[Opening SUPPLIED MATERIAL section]

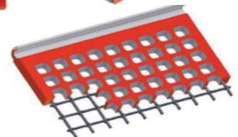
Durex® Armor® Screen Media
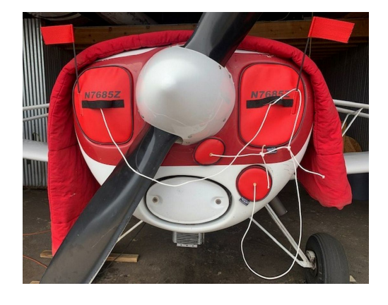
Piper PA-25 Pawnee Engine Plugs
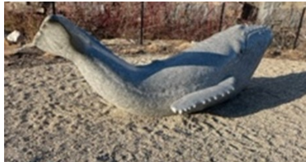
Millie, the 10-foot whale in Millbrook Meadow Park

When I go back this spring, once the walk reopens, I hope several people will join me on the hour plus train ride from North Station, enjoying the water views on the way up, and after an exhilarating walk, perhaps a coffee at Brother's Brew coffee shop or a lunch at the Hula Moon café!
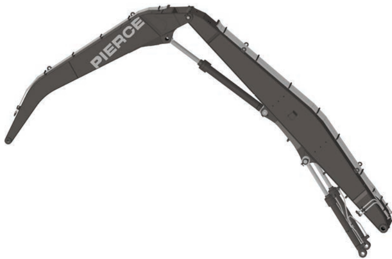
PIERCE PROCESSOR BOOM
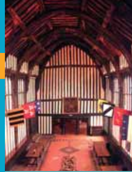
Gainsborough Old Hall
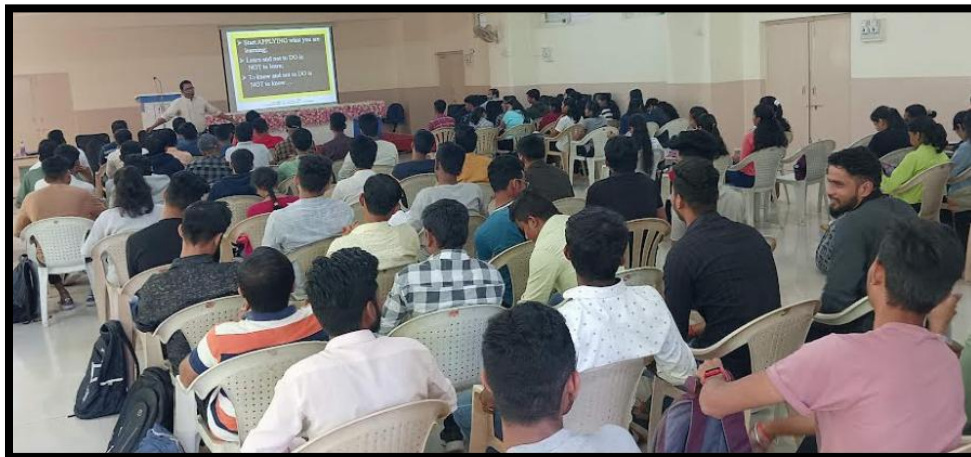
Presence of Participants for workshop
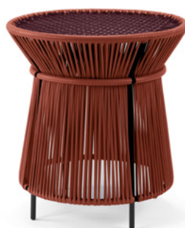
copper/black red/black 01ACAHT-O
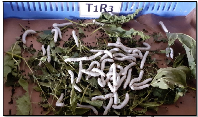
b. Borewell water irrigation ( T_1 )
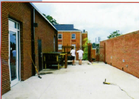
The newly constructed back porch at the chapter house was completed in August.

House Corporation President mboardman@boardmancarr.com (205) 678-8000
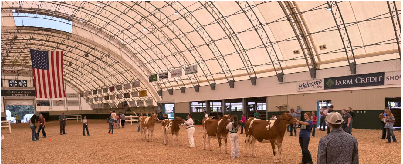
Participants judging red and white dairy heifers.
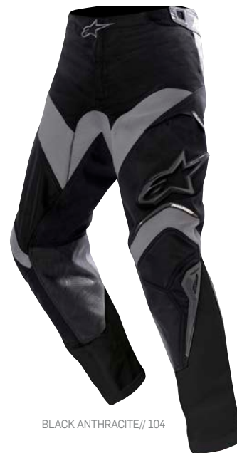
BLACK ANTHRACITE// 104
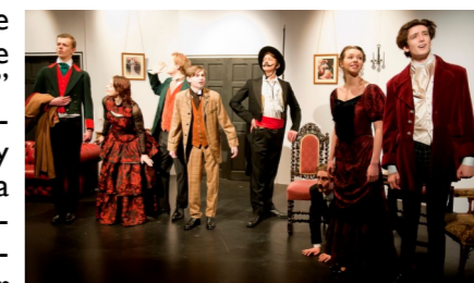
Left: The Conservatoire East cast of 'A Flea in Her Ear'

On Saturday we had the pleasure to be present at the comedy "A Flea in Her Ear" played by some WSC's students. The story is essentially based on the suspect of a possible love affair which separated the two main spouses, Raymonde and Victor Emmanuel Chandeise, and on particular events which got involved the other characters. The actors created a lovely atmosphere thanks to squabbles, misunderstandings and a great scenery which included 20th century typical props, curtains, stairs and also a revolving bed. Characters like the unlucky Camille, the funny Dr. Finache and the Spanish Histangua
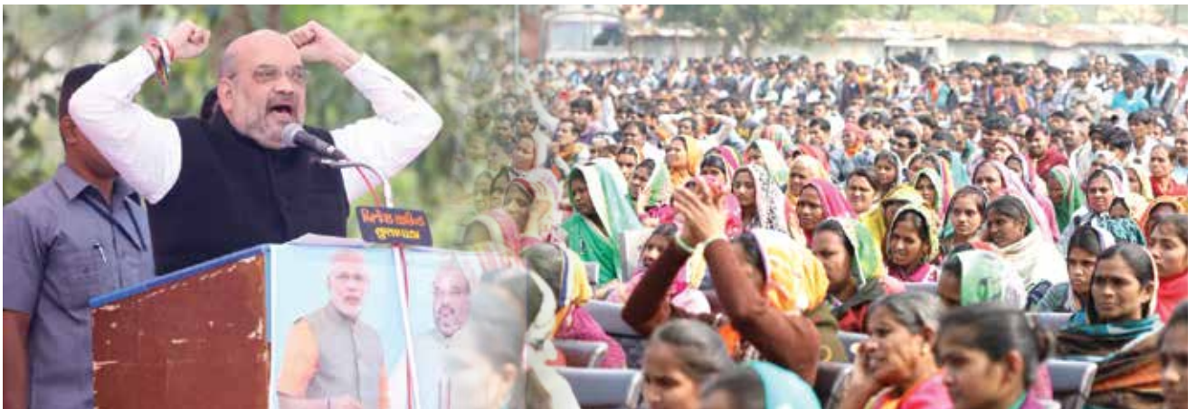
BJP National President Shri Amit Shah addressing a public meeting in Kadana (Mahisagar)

[Closing SUPPLIED MATERIAL section]

Write back the stretch of lines above that begins with the line holding "Piper PA-25 Pawnee Engine Plugs" and ends with the line holding "BLACK ANTHRACITE// 104", both included, exactly as written. Pictures stay out.

COMPLETED EXERCISE:
Piper PA-25 Pawnee Engine Plugs
Millie, the 10-foot whale in Millbrook Meadow Park

When I go back this spring, once the walk reopens, I hope several people will join me on the hour plus train ride from North Station, enjoying the water views on the way up, and after an exhilarating walk, perhaps a coffee at Brother's Brew coffee shop or a lunch at the Hula Moon café!
PIERCE PROCESSOR BOOM
Gainsborough Old Hall
Presence of Participants for workshop
copper/black red/black 01ACAHT-O
b. Borewell water irrigation ( T_1 )
The newly constructed back porch at the chapter house was completed in August.

House Corporation President mboardman@boardmancarr.com (205) 678-8000
Participants judging red and white dairy heifers.
BLACK ANTHRACITE// 104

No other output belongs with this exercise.